Archive for January, 2010

Goals for 2010: Music

Sunday, January 24th, 2010

This is the last of my posts about my 2010 goals. I’m hoping my friends will help encourage me and hold me accountable.

Area Three: Music
I what now seems like another life, I was a professional musician. It was without question the hardest, most time-consuming, and lowest-paying job I ever had, and I had a love-hate relationship with it. I loved the music, and hated the profession. I don’t care it I never working in that business again, but over the past few years, I have not been spending much time on my music, and thats not good.

In fact, that gap between my abilities then and now is so large it can get really frustrating when I start up again. So some simple, modest goals that I’ll enjoy.

By the End of 2010 I will:

  • Learn at least 60 popular songs
  • Sing on stage at least twice
  • Agree to go to karaoke when my friends ask
  • Practice until I can recognize all chords and intervals again

People Who Aren’t People

Saturday, January 23rd, 2010

This probably won’t be that big of an issue in the news because the networks won’t be able to put a red-blue spin on it. It’s bad for American democracy as a whole.

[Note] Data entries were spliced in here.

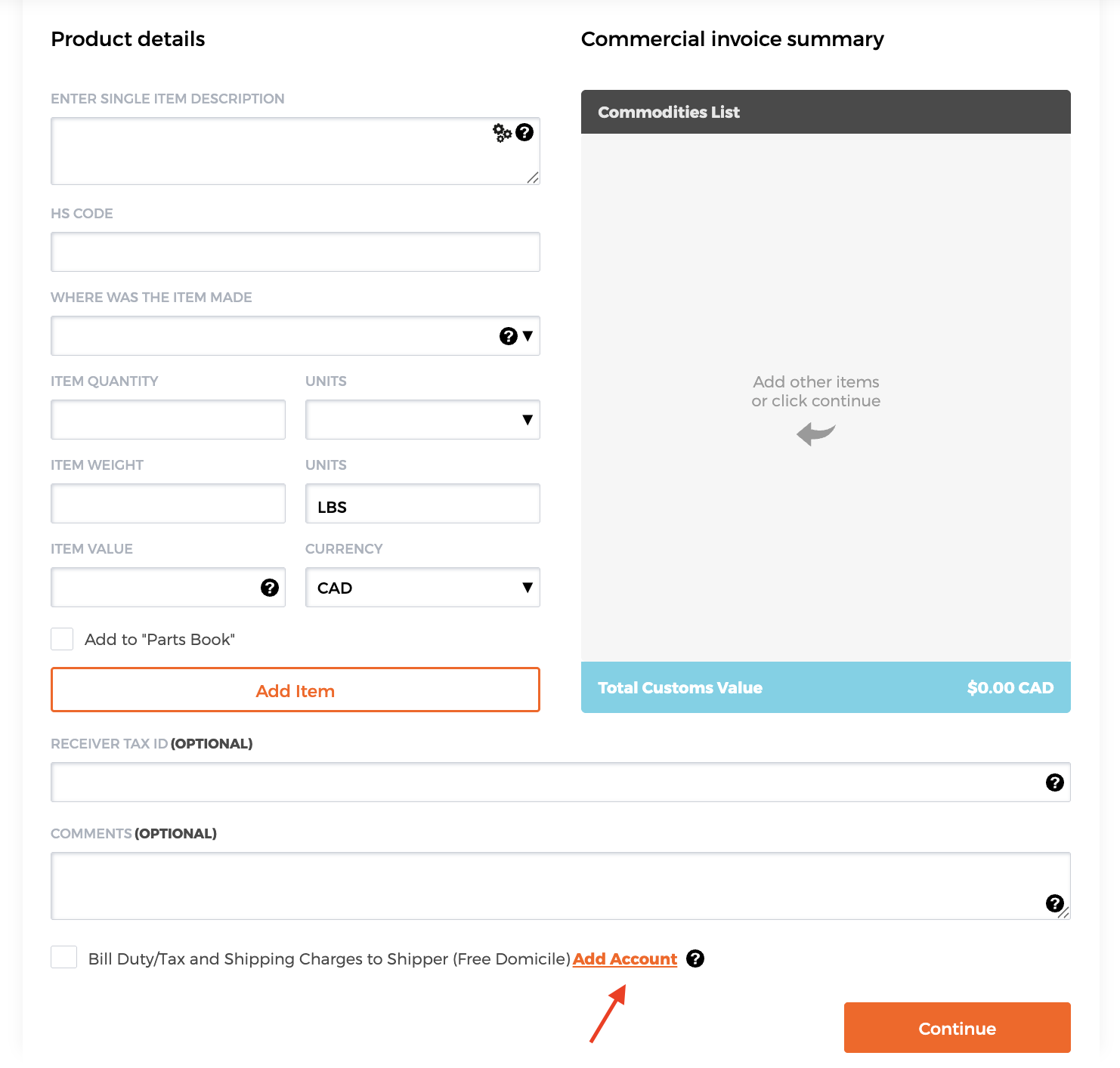 - Add your UPS account number by clicking on “Add Account” – screenshot below) when generating your commercial invoice. You’ll need your UPS account number, the postal code associated with your account and the name on the account — all 3 need to match exactly with how your account is set up with UPS.
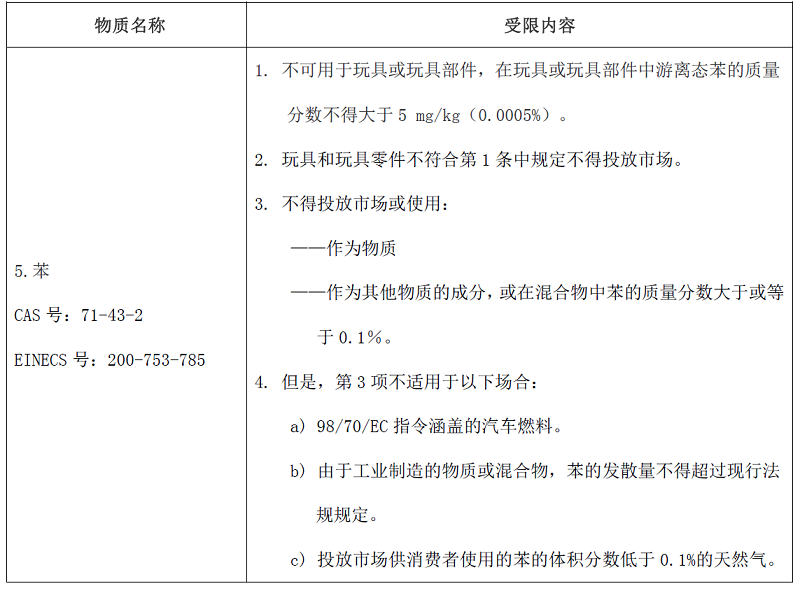 (1)REACH法规附件XVII第5条第3段规定:如果苯作为物质,或者作为其他物质的成分,或在混合物中的质量分数大于或等于0.1%,那么苯不得投放市场或使用;
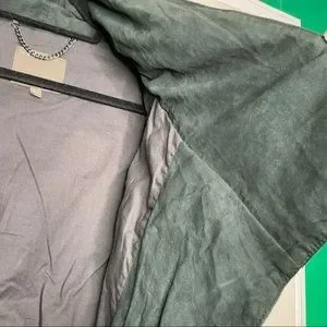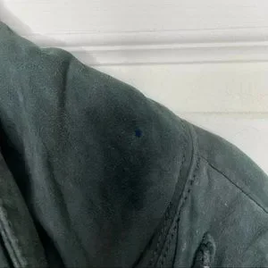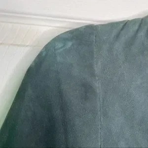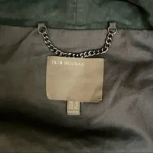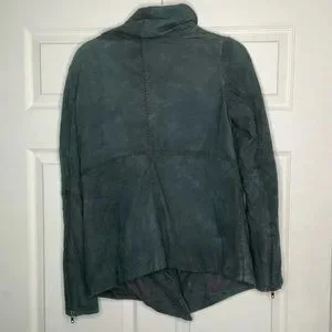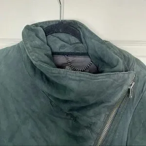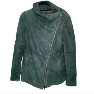 muubaa suede asymmetrical zip up moto jacket. greyish green. good condition but has some wear (see photos). relaxed fit, slight cowl neck.

The legal fiction of corporate personhood keeps getting stretched farther and farther. Yesterday the Supreme Court overturned several precedents and ruled part of the 2002 campaign finance reform law to be unconstitutional saying that corporations have the same free speech rights as actual people, and as such the government can not place any restrictions on corporations and labor unions spending money from of their general funds to support of specific candidates.

Companies are not people. They can’t be found guilty of a crime, have no emotions or social connections and don’t fear punishment or ostracism. That’s not criticism of companies. It’s just a fact. They are not people and should not be treated as such.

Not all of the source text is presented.